Dataset extract:
BEGIN
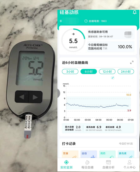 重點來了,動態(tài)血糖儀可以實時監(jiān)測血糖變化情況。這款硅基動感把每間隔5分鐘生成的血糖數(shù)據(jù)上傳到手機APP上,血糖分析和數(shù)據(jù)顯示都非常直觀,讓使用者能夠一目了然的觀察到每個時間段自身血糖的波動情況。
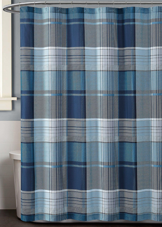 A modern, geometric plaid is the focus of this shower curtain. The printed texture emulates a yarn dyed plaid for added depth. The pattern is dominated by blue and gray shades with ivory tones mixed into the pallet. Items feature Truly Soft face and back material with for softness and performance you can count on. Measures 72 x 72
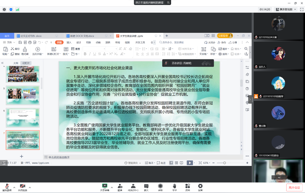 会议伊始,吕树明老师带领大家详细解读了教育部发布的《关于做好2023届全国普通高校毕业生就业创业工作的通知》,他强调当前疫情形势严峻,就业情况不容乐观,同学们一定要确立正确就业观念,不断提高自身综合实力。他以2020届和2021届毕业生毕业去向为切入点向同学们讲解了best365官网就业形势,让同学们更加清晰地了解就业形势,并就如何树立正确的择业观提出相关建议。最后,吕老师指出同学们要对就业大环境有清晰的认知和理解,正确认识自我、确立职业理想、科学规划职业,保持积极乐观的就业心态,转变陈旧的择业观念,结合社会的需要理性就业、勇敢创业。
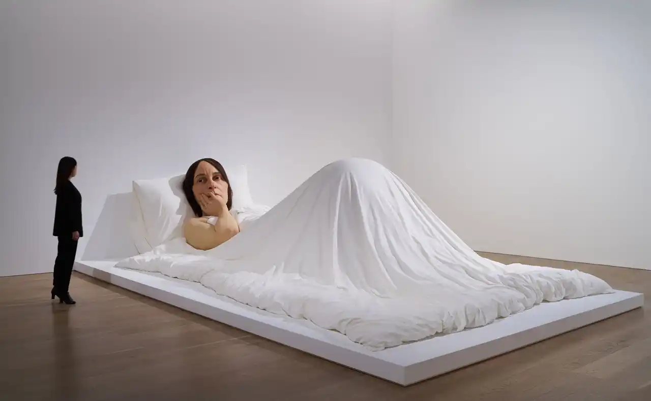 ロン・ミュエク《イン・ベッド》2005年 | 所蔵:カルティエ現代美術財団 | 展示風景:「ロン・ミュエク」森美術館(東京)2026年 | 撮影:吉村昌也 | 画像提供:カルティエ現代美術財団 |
END
BEGIN
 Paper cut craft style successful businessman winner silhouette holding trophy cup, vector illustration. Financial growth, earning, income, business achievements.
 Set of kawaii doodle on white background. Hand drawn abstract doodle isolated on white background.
END
Required action:
Without the pictures, give again exactly the lines above starting at the line containing "A modern, geometric" and ending at the line containing "ロン・ミュエク《イン・ベッド》2005年 | 所蔵:カルティエ現代美術財団".

Solved exercise:
 A modern, geometric plaid is the focus of this shower curtain. The printed texture emulates a yarn dyed plaid for added depth. The pattern is dominated by blue and gray shades with ivory tones mixed into the pallet. Items feature Truly Soft face and back material with for softness and performance you can count on. Measures 72 x 72
 会议伊始,吕树明老师带领大家详细解读了教育部发布的《关于做好2023届全国普通高校毕业生就业创业工作的通知》,他强调当前疫情形势严峻,就业情况不容乐观,同学们一定要确立正确就业观念,不断提高自身综合实力。他以2020届和2021届毕业生毕业去向为切入点向同学们讲解了best365官网就业形势,让同学们更加清晰地了解就业形势,并就如何树立正确的择业观提出相关建议。最后,吕老师指出同学们要对就业大环境有清晰的认知和理解,正确认识自我、确立职业理想、科学规划职业,保持积极乐观的就业心态,转变陈旧的择业观念,结合社会的需要理性就业、勇敢创业。
 ロン・ミュエク《イン・ベッド》2005年 | 所蔵:カルティエ現代美術財団 | 展示風景:「ロン・ミュエク」森美術館(東京)2026年 | 撮影:吉村昌也 | 画像提供:カルティエ現代美術財団 |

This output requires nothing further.